Content-Based Recommenders

“You like blue? Lemme introduce you to a slightly different shade of blue”

Paul
9 min readFeb 26, 2023
Photo by Dietmar Becker on Unsplash

Where are you in the series?

  1. Recommender Systems for Dummies
  2. Evaluating Recommender Systems
  3. Collaborative Filtering Recommenders (1/3)
  4. Content-Based Recommenders (2/3) ◀️
  5. Knowledge-Based Recommenders (3/3)
  6. Making Recommenders Better

Overview

Content-Based Recommender Systems (CB RS) recommends items based on a user’s historical item-rating data. Looking at previous items the user favorably rated (either explicitly or implicitly), items similar to that one can be recommended. That is all. Here are the three steps that are followed:

  1. Item profile. Also called content analyzer, attributes about the item are collected. In the context of movies, that could be the director, genre, length of film, keywords, etc. This step is the pre-processing step that extracts all relevant information from items. There are many feature extraction techniques available to use and has already been extensively researched in the field of Information Retrieval.
  2. User profile. Also called profile learner, data representative of the user’s preferences are collected. Data is collected about the user’s historical ratings and is used to create a model that generalizes the users’ preference. This generalization step utilizes Machine Learning techniques.
  3. Prediction. Also called filtering component, items that are similar to the user’s item preference are found and recommended. Similarity metrics are used to find the items most similar to what the user profile suggests that the user would like.

Note: What is the difference between item-based CF and CB recommenders? I had this question pop up during my research and it seems like these two methods seem identical. Some resources describe them exactly the same way but the one explanation that made sense for me is the following: Item-based CF uses the items rated by various users as a basis to find similar users (to then recommend items that a similar user liked) while CB uses the profile of the items in a database and the items that a user liked to find similar items to then recommend. [1]

Strengths and Weaknesses

— — — — — — — — — — — — — — —

🔺 Strengths

Other-User Independent. The recommendations are not reliant on other users such as collaborative filtering (CF) since we just rely on the one user’s historical data to find similar items.

Transparency.
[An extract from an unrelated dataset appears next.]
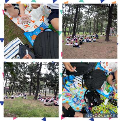 午前中遊具で遊んだあとは、お楽しみのお弁当&おやつたいむ。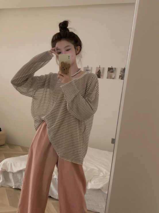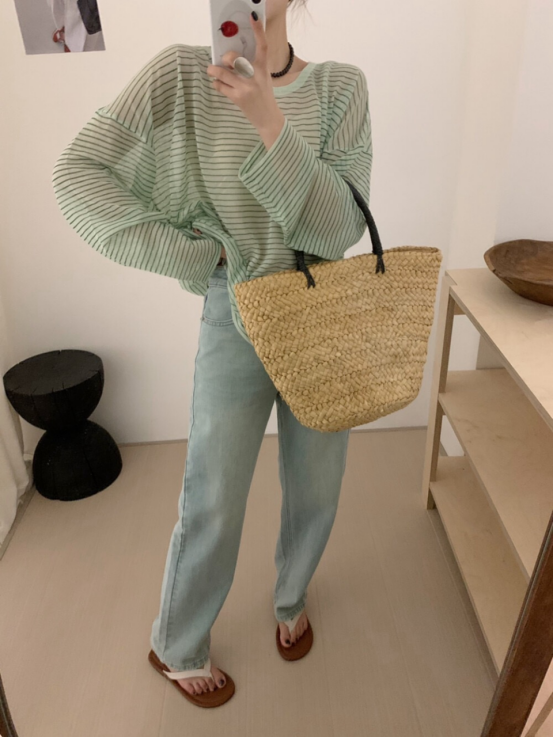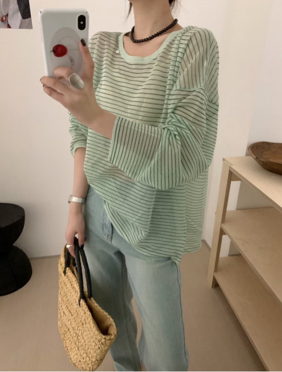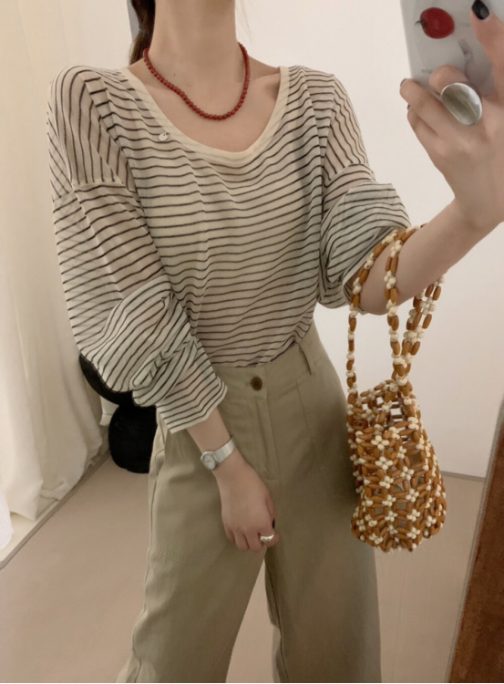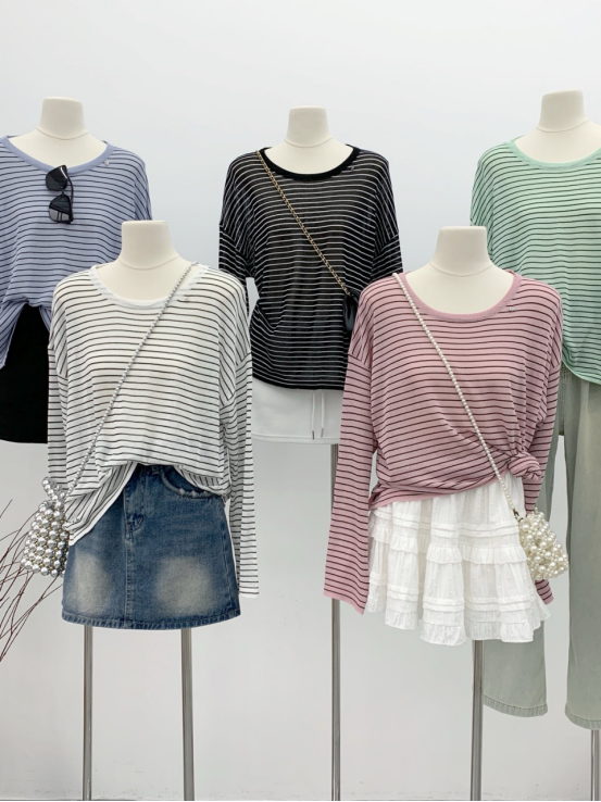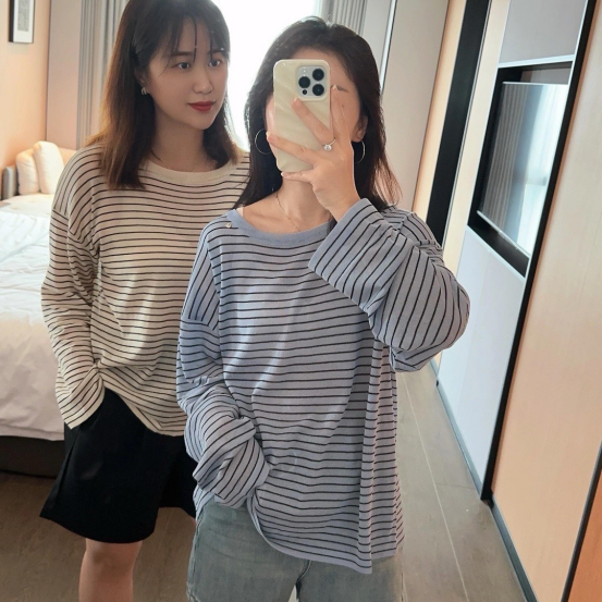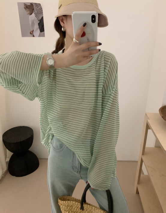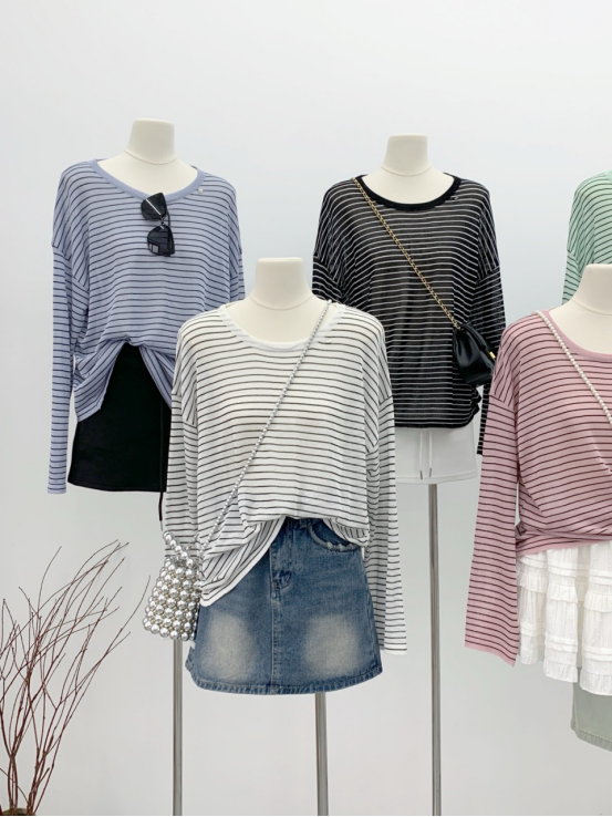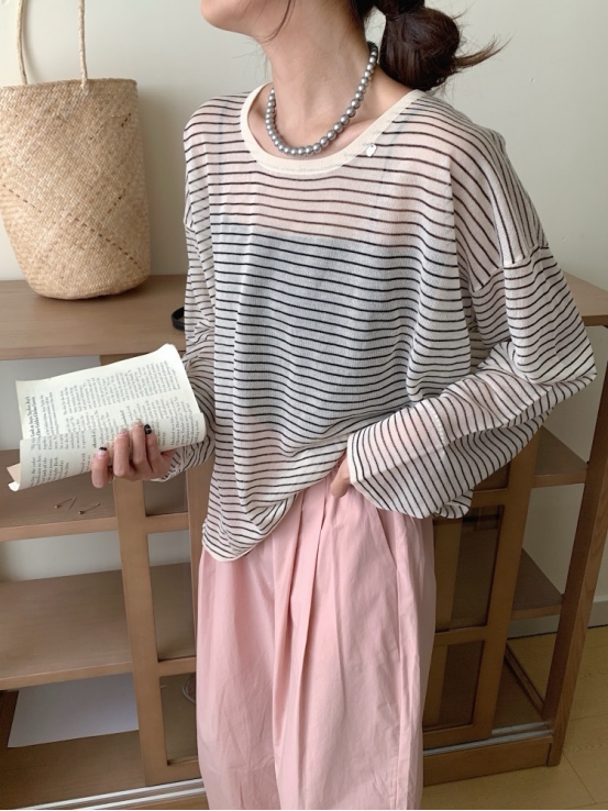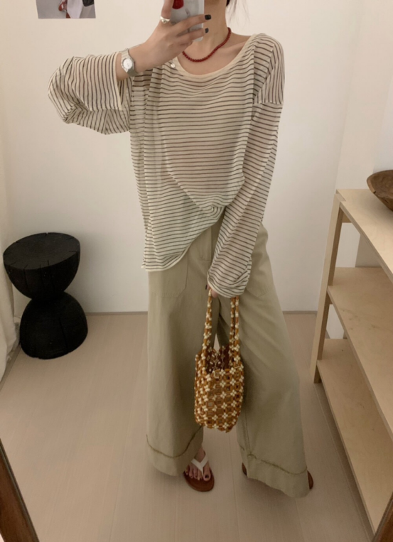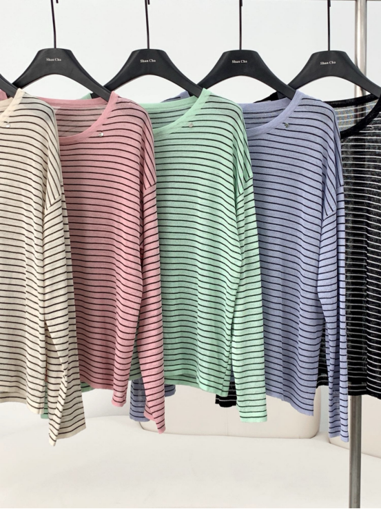 hin慵懒范的条纹长袖T 啥拜拜肉小肚子都看不到巨巨巨显瘦 随意搭个短裤or休闲裤 慵懒范立马就有了 hhhh~ 实穿好穿让人一眼记住的防晒条纹T! 经典条纹元素永不过时! 比起纯色更具有时髦的造型感 从职场通勤到运动休闲都能 HOLD住! 夏季实穿top防晒条纹 Tee 松弛慵懒感根本穿不腻~ 宽松版型!对身材没有限制 遮肉显瘦的效果HEN好!!爱了爱了! 🖤#黑色 基础日常百搭显瘦~ 里面可以穿各种美背bra 防晒T真的是懒人挚爱 慵懒随意 上身纸片人既视感的宽松条纹T恤!

Can explicitly let the user know why certain items are being recommended such as the content’s features or descriptions. “Since you liked action-packed, superhero movies such as ‘Avengers: Endgame’ and ‘Batman: The Dark Knight’, we think you will also like…”.

New-Item Friendly. New items can be recommended right away as long it is found to be similar to other items the user liked in the past. In CF, new items take time to be rated by other users and only when other similar users like it can it then be suggested to you.

🔻 Weaknesses

Limited Content Information. The most important step is to find all the relevant attributes of items. However, there is a natural limit to the number and type of features associated with items and oftentimes domain-specific knowledge is needed and that has to be manually added. When comparing to CF, in return for not needing other user’s data, it requires a lot of data on the items itself.

Over-Specialization. Limited ‘novelty’ and lack of ‘serendipity’. As discussed in the first post, novelty and more so serendipity are the goals of a good recommender system. Items recommended should be new (novel) but also unexpected (serendipitous). With the Content-based approach, the goal is to find items most similar to ones the user already liked and so, in theory, a ‘perfect’ CB recommender shouldn’t be recommending anything new while in practice, hardly any unexpected items are recommended.

New-User Unfriendly. Since this method depends on having historical data about the user, a new user without any prior ratings wouldn’t have any data to give to the recommender. This limits the effectiveness of this approach for new users and can also be seen as a type of ‘cold-start’ problem.

Note: The strength and weaknesses of CF and CB are almost entirely flipped. CF struggles with relying on other users, weak transparency, and dealing with new items while it doesn’t deal with limited content information or over-specialization (it still struggles with the cold-start problem).

Item Profile

Two steps: Feature Extraction and Feature Similarity

To get the item profile, we need feature extraction from items to convert them into a keyword-based vector-space representation. That is just a fancy way of saying that we need to collect information, whether it is structured or unstructured, about the item and map it into a vector space so that our algorithms can do stuff with it mathematically. Structured information is numerical or fields with few possible descriptions such as prices or colors. Unstructured information is usually text-based and describes the item in natural language such as a description of a book, its content, title, and author. Most content-based recommender use unstructured textual data as that is the easiest to find and lots of it can be found.

These features are then chosen to be included in the model depending on their relevance (feature selection) or included but with varying weights depending on their importance (feature weighting). Most content-based recommenders use a simple retrieval model called the Vector Space Model (VSM) with basic TF-IDF weighting.

Note: We will focus on feature extraction from text-based descriptions of an item as that is the most common implementation of CB RS.

How to extract features from item? … NLP

VSM represents each item as a vector of term weights in n-dimensional space, each dimension being a term from the overall vocabulary of a given set of items. Well aren’t there so many unique words in a document? (Document will be used to mean a collection of texts). Correct ,and we will have each as a dimension. However, we can reduce the dimensions by utilizing some natural language processing (NLP) operations such as stop-word removal, stemming, and/or tokenization.
- Stop-word removal: Get rid of unnecessary or irrelevant words. For example, [a, an, the, is, was, etc.] in the English language.
- Stemming: Cut down words into its main component, usually by locating the root of the word or cutting out its prefix and/or suffix. For example, [buy, buying, bought] could all be reduced to [buy].
- Tokenization: Break a sequence of strings into groups whether it is by character, subword, word, phrase, or some other method. For example, “larger than life” can be tokenized word-wise as [“larger”, “than”, “life”], character-wise as [‘l’, ‘a’, ‘r’, ‘g’, ‘e’, ‘r’, …, ‘e’]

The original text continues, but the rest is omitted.